Herbert C. Moffitt was born in San Francisco in 1867. He attended the University of California, Berkeley, where he was awarded the University Medal for his leadership and scholastic accomplishments. He attended Harvard Medical School and interned with distinction at Massachusetts General Hospital. He then went to Europe for further diagnostic training where he spent two years at various medical centers in Munich, Berlin, Paris and Vienna. He began the practice of internal medicine in San Francisco in 1897 and married Margaret Jolliffe. They had two children.

Moffitt advanced to Professor of Medicine at the University of California School of Medicine in one year's time. In 1912, he was asked to be Dean of the medical school, a post that he held until called to World War I as a major in the Army Medical Corps. When the Regents and President Wheeler sought to reorganize the University of California Medical School, it was Moffitt who was asked to direct the activity. In the years preceding the war, he toured the country studying other medical centers with his characteristic thoroughness. As a result of his travels, he brought many outstanding faculty members to the University of California, including George Whipple, Karl F. Meyer, Frank Lynch, Herbert M. Evans, and William P. Lucas. Moffitt raised the funds among his many friends for the construction of UC Hospital which opened in 1917, the final step in the reorganization of the medical school.

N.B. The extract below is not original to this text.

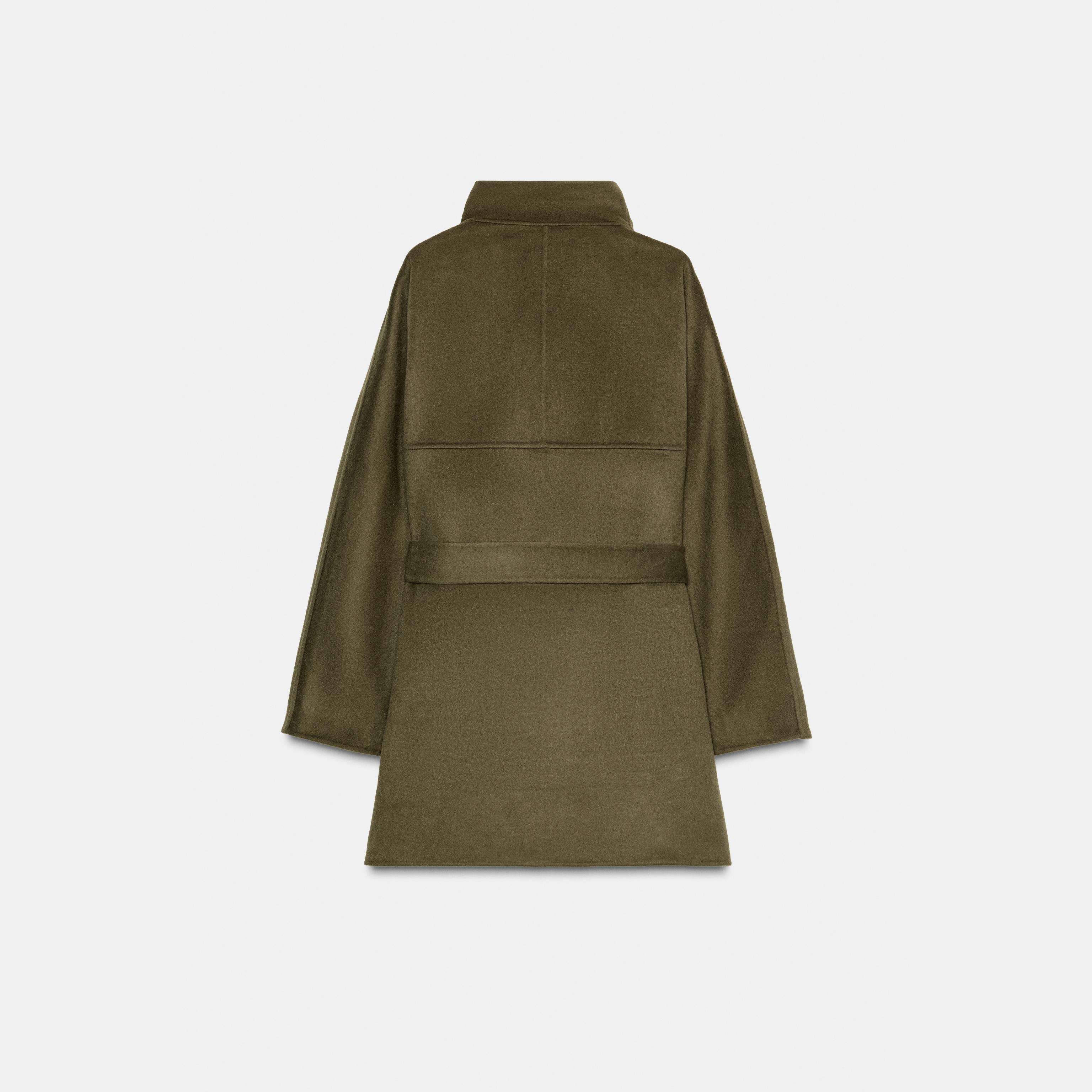 معطف نسائي طويل – لون حيادي (كاكي) – Khaki، من مزيج الصوف مع ياقة عالية (High-Neck Wool Blend Coat – ZW Collection)

Moffitt was an gifted clinician, and carried his exceptional clinical ability into his teaching and into his private practice. His fame spread early and he became known as one of the nation's best-known clinicians. He was a member of the Association of American Physicians and its president in 1922. Always interested in medical education, he was an ardent proponent of bedside teaching, and to all of his students and colleagues he was the ultimate clinical teacher. He had a phenomenal memory, able to call to mind details of cases seen long ago, or the exact passages of medical textbooks and journals, with an accuracy that astounded his listeners. He solved clinical problems by direct attack, rather than by the process of elimination. He had a certain brusqueness and aloofness, both of which were but a thin cloak to cover up his highly sensitive and kindly nature.

On his return from Army service in 1919, he was made Chairman of the Division of Medicine. He retired in 1937, continuing on as a familiar sight at conferences, rounds, and bedside teaching. Few things were ever done at the medical school without consultation with "The Chief," as he had long been known. His contribution to the University of California is shown by the naming of Herbert C. Moffitt Hospital. In his self-effacing way, he was much opposed to accepting this honor. He died at age eighty-three, having received most every honor and award that can come to one in medicine.